# TO DO:
Looking at the listing below, retype exactly the lines starting at the one containing "Das Einzelbett besteht" and ending at the one containing "L'espace de vie", both included, and nothing else.

# SOURCE RECORDS:
= = = = = = =

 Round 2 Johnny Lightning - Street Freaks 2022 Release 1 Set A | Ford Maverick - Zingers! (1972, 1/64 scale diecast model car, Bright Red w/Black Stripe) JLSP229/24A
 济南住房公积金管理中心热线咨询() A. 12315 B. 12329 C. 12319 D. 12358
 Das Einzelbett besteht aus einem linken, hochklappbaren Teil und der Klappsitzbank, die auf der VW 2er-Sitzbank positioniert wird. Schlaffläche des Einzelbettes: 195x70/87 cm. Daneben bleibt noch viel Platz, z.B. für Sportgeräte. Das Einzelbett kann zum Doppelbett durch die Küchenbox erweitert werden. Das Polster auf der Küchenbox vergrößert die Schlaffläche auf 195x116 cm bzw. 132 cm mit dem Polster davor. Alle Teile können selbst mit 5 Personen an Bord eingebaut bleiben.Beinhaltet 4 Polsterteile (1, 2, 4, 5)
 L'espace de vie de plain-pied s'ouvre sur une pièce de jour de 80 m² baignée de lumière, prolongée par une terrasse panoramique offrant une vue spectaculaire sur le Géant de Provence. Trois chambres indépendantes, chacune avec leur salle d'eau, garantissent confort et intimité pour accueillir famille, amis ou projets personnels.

= = = = = = =

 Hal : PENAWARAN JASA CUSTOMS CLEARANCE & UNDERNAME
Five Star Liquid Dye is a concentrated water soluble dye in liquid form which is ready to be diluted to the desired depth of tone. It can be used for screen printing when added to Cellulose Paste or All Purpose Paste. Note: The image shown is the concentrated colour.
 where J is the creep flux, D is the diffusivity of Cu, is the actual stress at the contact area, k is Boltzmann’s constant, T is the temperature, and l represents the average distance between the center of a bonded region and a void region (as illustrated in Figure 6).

= = = = = = =

# FINAL ANSWER:
 Das Einzelbett besteht aus einem linken, hochklappbaren Teil und der Klappsitzbank, die auf der VW 2er-Sitzbank positioniert wird. Schlaffläche des Einzelbettes: 195x70/87 cm. Daneben bleibt noch viel Platz, z.B. für Sportgeräte. Das Einzelbett kann zum Doppelbett durch die Küchenbox erweitert werden. Das Polster auf der Küchenbox vergrößert die Schlaffläche auf 195x116 cm bzw. 132 cm mit dem Polster davor. Alle Teile können selbst mit 5 Personen an Bord eingebaut bleiben.Beinhaltet 4 Polsterteile (1, 2, 4, 5)
 L'espace de vie de plain-pied s'ouvre sur une pièce de jour de 80 m² baignée de lumière, prolongée par une terrasse panoramique offrant une vue spectaculaire sur le Géant de Provence. Trois chambres indépendantes, chacune avec leur salle d'eau, garantissent confort et intimité pour accueillir famille, amis ou projets personnels.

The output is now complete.